There is, however, one obvious place Labour can look to generate growth: in reducing the trade barriers with our closest and biggest trading bloc that were erected as a result of Brexit. Labour has made noises about building a more positive trading relationship with Europe: Keir Starmer has said he will repair “the bridges the Tories have burnt” with the EU, and party figures have talked of “deepening the relationship” alongside an effort to improve security cooperation with Europe. The Labour manifesto, however, clearly rules out rejoining the EU customs union, as well as the single market. Instead, the stated ambitions are far more modest: to negotiate a veterinary agreement to prevent unnecessary border checks; cooperation to support touring artists; and securing a mutual recognition agreement for professional qualifications in the service industries.
The truth is that these incremental steps may help build positive relationships but are unlikely to do much to boost growth in the context of the 2-4% by which Brexit is likely to depress long-run GDP. Brexit created significant non-tariff trade barriers for exports and imports to the EU. New trade deals with Japan, Australia and New Zealand are projected to increase GDP by relatively tiny amounts in comparison. In fact, the proportion of total UK trade that takes place with the EU is at its highest level since 2008, partly because de-integration from European supply chains has also made trade with the rest of the world more difficult]. Brexit is likely to have reduced the UK’s already low level of business investment even further, hampering growth. UK in a Changing Europe describes it as a “slow puncture, exacerbating other economic problems and resulting in the UK underperforming compared with similar-sized economies”. Boris Johnson’s promised economic nirvana of growth driven by regulatory divergence from the EU simply has not materialised; little wonder when you consider this would be delivered at the price of even greater non-tariff barriers with the EU.
It all raises the question: what was the point? The overall salience of Brexit has declined sharply since Britain left the EU; just 13% of voters cite it in their top three issues facing the country today compared with 73% in September 2019. New polling for the Observer this weekend highlights that 56% think Brexit has had a bad effect on the economy, and only 12% a good effect; almost six in 10 voters say they would prefer to have a closer relationship with the EU. Last year only 15% of voters said that if Keir Starmer proposed to renegotiate the Brexit agreement it would make them less likely to vote for the party.

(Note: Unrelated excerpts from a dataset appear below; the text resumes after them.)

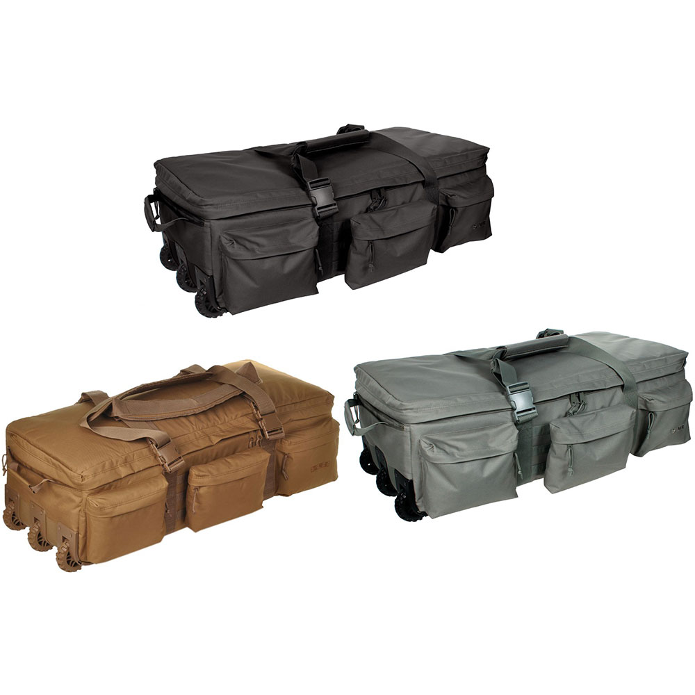 Rolling Load Out Bag. Colors available in black, coyote brown, or foliage green. Generous main compartment with zipper along perimeter for complete access to cargo. Internal and external zippered pockets. Adjustable carry handle which can be used as backpack straps. Concealable pull handles, compression straps, detachable zippered pouch and MOLLE / PALS panel. Skid rails and (3) large diameter wheels to easily roll on firm surface or sand. By Sandpiper Of California.
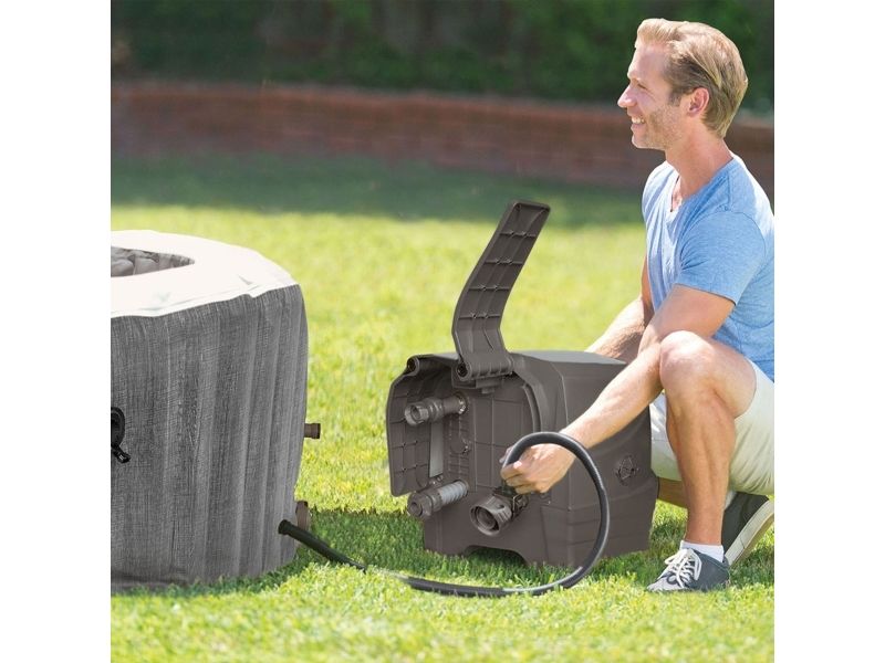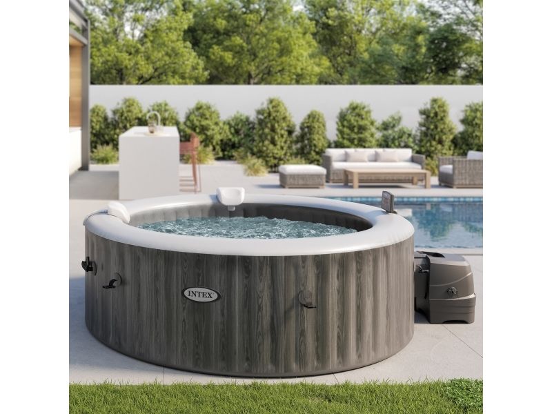 Kontroller alle spa-funksjoner via Spa Management-appen. For 4 voksne. Den ultimate spa-opplevelsen er like ved fingertuppene dine. Uansett hvor du er. Med Intex Link Spa Management-appen kan du nå kontrollere alle spa-funksjonene fra mobilen eller nettbrettet. Programmer bruken og vedlikehold av spaet eksternt via WiFi-tilkoblingen. Få luksusspastemning på terrassen med Intex Purespa. Fiber-Tech interior-konstruksjonen gir enorm stabilitet samtidig med å ha en behagelig overflate til en luksuriøs og forfriskende spaopplevelse. +140 høyeffektsboblemotorer garanterer en beroligende og avslappende massasje ved bare et enkelt trykk på en knapp på kontrollpanelet (en oppladning holder seg opp til 48 timer). Det er plass til 4 voksne. Inkluderer: - Intex PureSpa Greywood Deluxe - Intex Link Spa Management-appen - trådløst kontrollpanel - sette fast på toppen av spaet - 2 premium hodestøttere i skum - 1 flerfarget LED-lys - spamål: indre diameter 145 cm, ytre diameter 196 cm. Kan romme 795 liter.
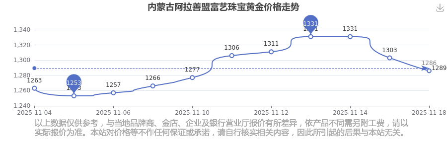 今日内蒙古阿拉善盟富艺珠宝黄金价格为1286.0元/克。
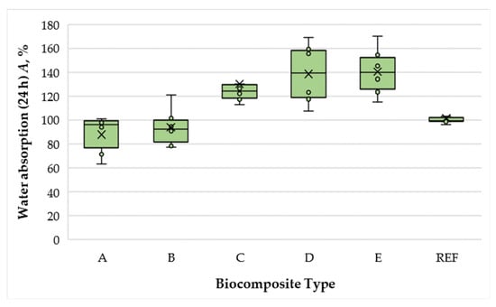 Water absorption (WA) results of the laboratory-fabricated biocomposite panels are presented in Figure 4.
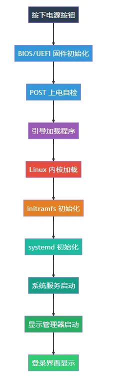 当我们按下计算机的电源键:开机 → BIOS/UEFI 硬件初始化 → GRUB 引导加载内核 → 内核完成自身初始化、硬件驱动加载 →挂载根文件系统 → 启动init进程 → 进入用户空间、加载系统服务 → 登录可用。
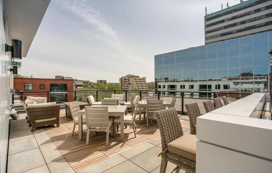 Guests can enjoy breathtaking sunsets from the shared rooftop terrace, complete with BBQs, a fire pit, and views of the harbour and Halifax skyline. Additional amenities include a fitness room with a dry sauna, heated underground parking, and an indoor car wash bay.
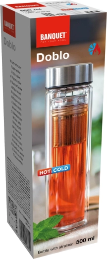 Enjoy your favorite drink anytime, anywhere. The DOBLO bottle is made of borosilicate glass resistant to high temperatures and thermal shock. Its double-walled construction minimizes heat transfer to the surface, making it comfortable to hold while keeping your beverage at the ideal temperature longer—whether it’s hot tea or refreshing fruit-infused water.
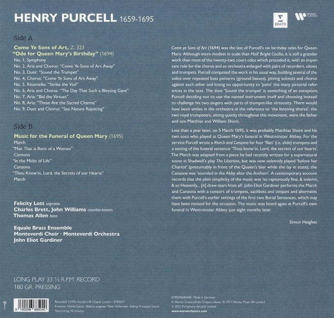 Фірмова вінілова платівка (VINYL)Come Ye Sons of Art, Z.323, also known as Ode for Queen Mary's Birthday, is a musical composition by Henry Purcell. It was written in 1694, and is one of a series of odes in honour of the birthday of Queen Mary II of England. The text of the ode is often attributed to Nahum Tate, who was poet laureate at the time.

This gives Labour breathing room to use its initial efforts to negotiate greater economic cooperation in specific areas as a testing ground for more substantial agreement. Rejoining the customs union is not a simple proposition; it would take considerable negotiating effort and good faith on both sides. Politicians across the EU would undoubtedly take convincing that it would be worth the effort given the other issues, from Ukraine to immigration, that are consuming their attention. Joining the customs union would also require renegotiating the deals the UK has agreed with Australia and New Zealand. However, it could ultimately deliver significant returns in economic growth by reducing the friction created by trade barriers.

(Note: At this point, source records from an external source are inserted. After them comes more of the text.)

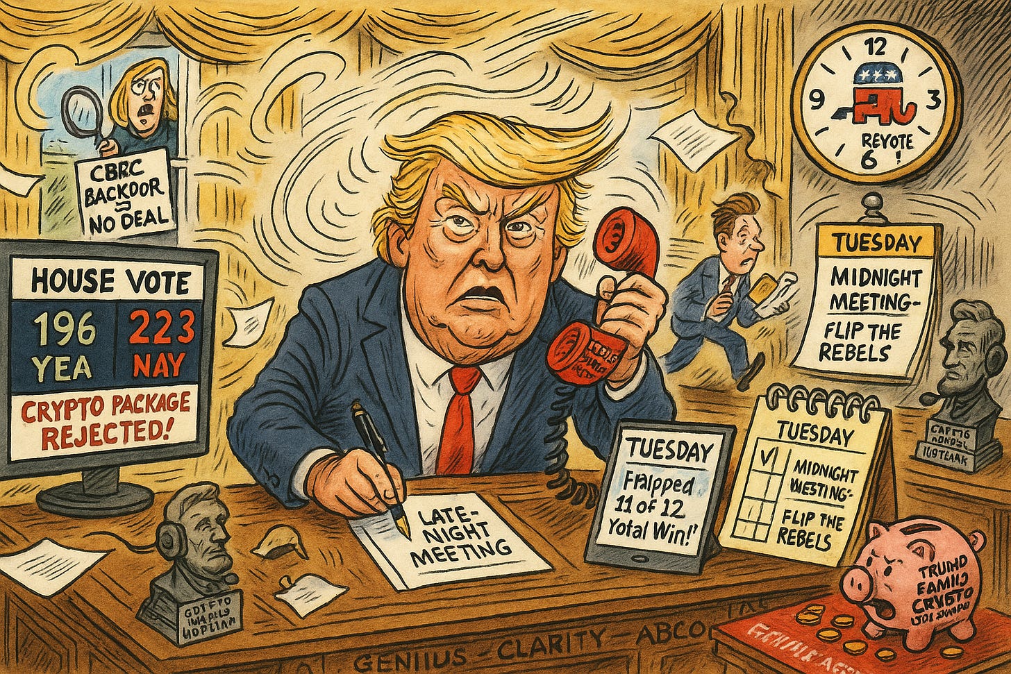 House Republicans defied President Trump on Tuesday, blocking a procedural vote on three major cryptocurrency bills central to the administration's "Crypto Week" agenda. The 196-223 defeat saw 13 conservative Republicans join Democrats in rejecting the legislative package, which included the GENIUS Act for stablecoin regulation, the CLARITY Act for crypto market structure, and the Anti-CBDC Surveillance State Act (ABC News, Cointelegraph). Dissenting lawmakers, led by Rep. Marjorie Taylor Greene, raised alarms about potential backdoors for central bank digital currencies (CBDCs) in the GENIUS Act—even though the bill contains explicit language prohibiting the issuance of a CBDC—demanding stricter prohibitions despite existing language in the Anti-CBDC Act (Forbes). They also criticized House Speaker Mike Johnson’s refusal to allow amendments or separate votes on the three measures (Cointelegraph).
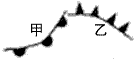 3.夏季风从海洋吹向陆地,则乙处为海洋,海洋气温低,气流下沉,形成高压。所以本题选择D选项。
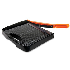 Bypass trimmer features self-sharpening blades so no replacement blades are needed. Blade cuts up to 10 sheets of paper at a time. Cutting arm lock is built-in for safe transporting and storage. Use precision-printed scale and grid on the 12" base for easy alignment. Trimmer also features a paper clamp, smudge guard and antiskid rubber feet for stability. Trimmer base is made from a high percentage of recycled post-consumer resin.

The political appetite for something this significant is unlikely to be there in the first couple of years after a general election, given Labour has ruled out rejoining the customs union in its manifesto, and its nervousness about handing opposition parties an attack line even in the context of a very large majority. But as always, there will be trade-offs: easing trade barriers with huge trading block neighbours would in normal circumstances be a reliable go-to for countries looking to improve their sluggish productivity.
Boris Johnson’s decision to pursue a hard Brexit that had no real democratic mandate – it was never put to voters in the wake of a referendum campaign that promised them that a vague proposal to leave the EU would magically solve all the UK’s long-term structural issues – has come at a huge economic cost the UK can ill afford in the context of poor productivity growth and low levels of business investment. There is little enthusiasm in Labour for a more substantive economic alignment with the EU. But if the UK’s economic outlook remains unfavourable, Starmer may eventually come to the conclusion he has few other options when it comes to generating the tax revenues he will need to deliver the rest of his governing agenda.